How the HER2 FISH Test Guides Targeted Cancer Treatment

In modern oncology, treatment planning relies heavily on precise diagnostic testing to understand the unique characteristics of a tumor. The Human Epidermal growth factor Receptor 2 (HER2) status is one of the most important characteristics determined in several cancers, including breast and gastric malignancies. To accurately assess this status, pathologists frequently use Fluorescence In Situ Hybridization (FISH), a laboratory technique that examines the tumor’s genetic material. This highly specific test provides the genetic blueprint required to guide targeted interventions.

Understanding the HER2 Gene and Protein

The HER2 protein (ErbB2) is a receptor found on the surface of many cells, where it regulates cellular processes like growth, division, and repair. The gene responsible for producing this protein, the HER2/neu gene, is located on chromosome 17.

In certain cancers, the HER2/neu gene undergoes amplification, creating numerous extra copies. This leads to protein overexpression, resulting in an abnormally high number of HER2 receptors on the cancer cell surface. These overexpressed receptors become hyperactive, constantly signaling the cell to grow and divide uncontrollably. This uncontrolled proliferation drives an aggressive form of cancer, seen in approximately 15 to 20% of breast cancer cases. Accurate identification of HER2-driven tumors is necessary for effective clinical management.

How the FISH Test Works

The Fluorescence In Situ Hybridization (FISH) test is a molecular technique designed to directly visualize and count the number of gene copies within a tumor cell’s nucleus. Technicians prepare tumor tissue and introduce specialized fluorescent DNA probes to the sample.

The technique uses two distinct probes, each labeled with a different colored dye. One probe binds specifically to the HER2/neu gene locus on chromosome 17. The second probe acts as a control, binding to the centromere of chromosome 17 (CEP17). After the probes bind, the slide is examined under a fluorescence microscope, allowing the pathologist to count the distinct colored signals within the nucleus of multiple tumor cells.

The control probe establishes the baseline number of chromosome 17 copies present in the cell. By comparing the count of the HER2 gene signals to the count of the CEP17 control signals, the test accounts for variations in chromosome number that can occur in cancer cells. This comparison provides the numerical data needed to calculate a ratio and determine if gene amplification has occurred.

Interpreting HER2 FISH Results

The raw counts of the two fluorescent signals generate the HER2/CEP17 ratio, the basis for the final clinical classification. Pathologists count the signals in a minimum of 20 tumor cell nuclei to ensure statistical reliability. The total number of HER2 signals is divided by the total number of CEP17 signals to produce the final ratio.

A ratio of less than 2.0 classifies the tumor as HER2-negative, suggesting the tumor is unlikely to respond to HER2-targeted treatments. Conversely, a ratio of 2.0 or greater is classified as HER2-positive, confirming gene amplification and predicting a strong likelihood of response to targeted therapy.

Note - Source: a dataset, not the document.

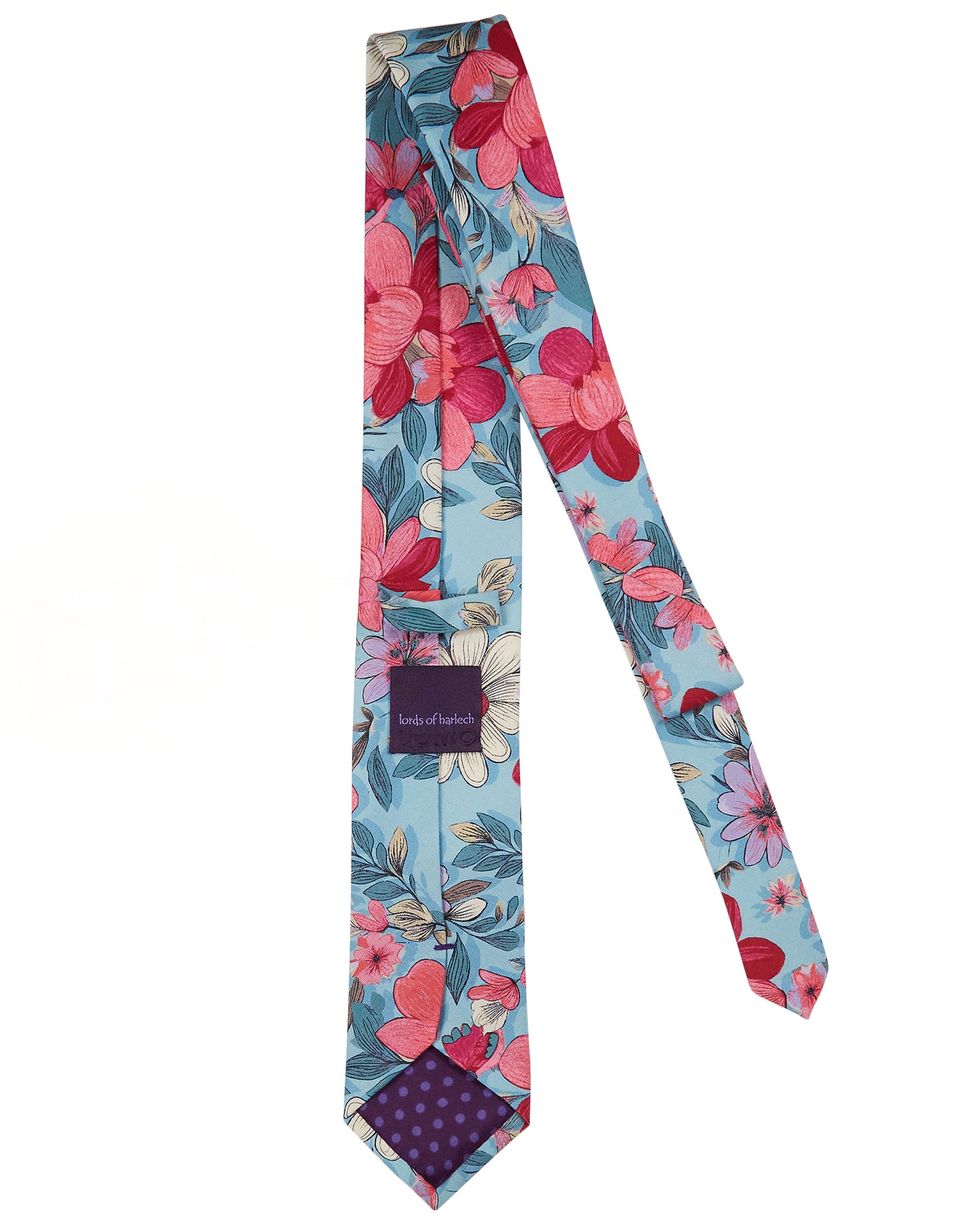 TADDEO CATALAN FLORAL MERINO TIE - TEAL

In some instances, the FISH test may yield an equivocal result, falling into a borderline range that requires careful re-evaluation. Guidelines define equivocal results based on specific ratio and average HER2 copy number cut-offs, often including ratios near the 2.0 threshold. In these ambiguous cases, the pathologist may recount an additional 20 nuclei or perform confirmatory testing, such as immunohistochemistry (IHC), to achieve a definitive classification.

Guiding Targeted Treatment

A definitive HER2-positive classification by the FISH test directs the patient toward personalized oncology. The presence of HER2 gene amplification is a predictive biomarker, signifying that the tumor’s growth is driven by this specific molecular mechanism. This finding makes the patient a candidate for anti-HER2 targeted therapies that specifically block the hyperactive signaling pathway.

These targeted drugs include monoclonal antibodies, such as Trastuzumab and Pertuzumab, which attach to the HER2 receptors and shut down growth signals. Other options include antibody-drug conjugates like Trastuzumab emtansine (T-DM1), which deliver a chemotherapy drug directly to the cancer cell. For patients with HER2-negative results, these targeted drugs are ineffective. Instead, those patients are guided toward other treatments, such as standard chemotherapy, hormone therapy, or immunotherapy.